_BRIEF_: Write out the listing from the line with "Watercolor Blue Stork" to the line with "Strokestown; County of", both lines included, exactly and nothing beyond. Leave pictures out.

_DATA PROVIDED_:
....

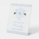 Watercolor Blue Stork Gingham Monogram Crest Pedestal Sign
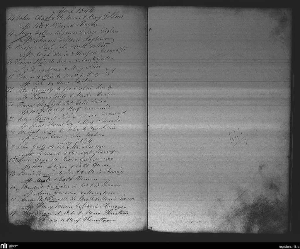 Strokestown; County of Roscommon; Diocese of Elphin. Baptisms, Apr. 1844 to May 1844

....

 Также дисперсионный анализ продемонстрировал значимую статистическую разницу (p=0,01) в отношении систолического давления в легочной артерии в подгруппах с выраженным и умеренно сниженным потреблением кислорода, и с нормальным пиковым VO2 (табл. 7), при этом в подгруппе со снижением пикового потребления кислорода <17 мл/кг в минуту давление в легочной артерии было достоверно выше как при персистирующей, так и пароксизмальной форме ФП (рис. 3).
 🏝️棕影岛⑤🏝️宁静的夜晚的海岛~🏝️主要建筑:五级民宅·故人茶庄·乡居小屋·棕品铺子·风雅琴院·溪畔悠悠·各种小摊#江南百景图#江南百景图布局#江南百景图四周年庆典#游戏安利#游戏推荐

....

_TASK ANSWER_:
 Watercolor Blue Stork Gingham Monogram Crest Pedestal Sign
 Strokestown; County of Roscommon; Diocese of Elphin. Baptisms, Apr. 1844 to May 1844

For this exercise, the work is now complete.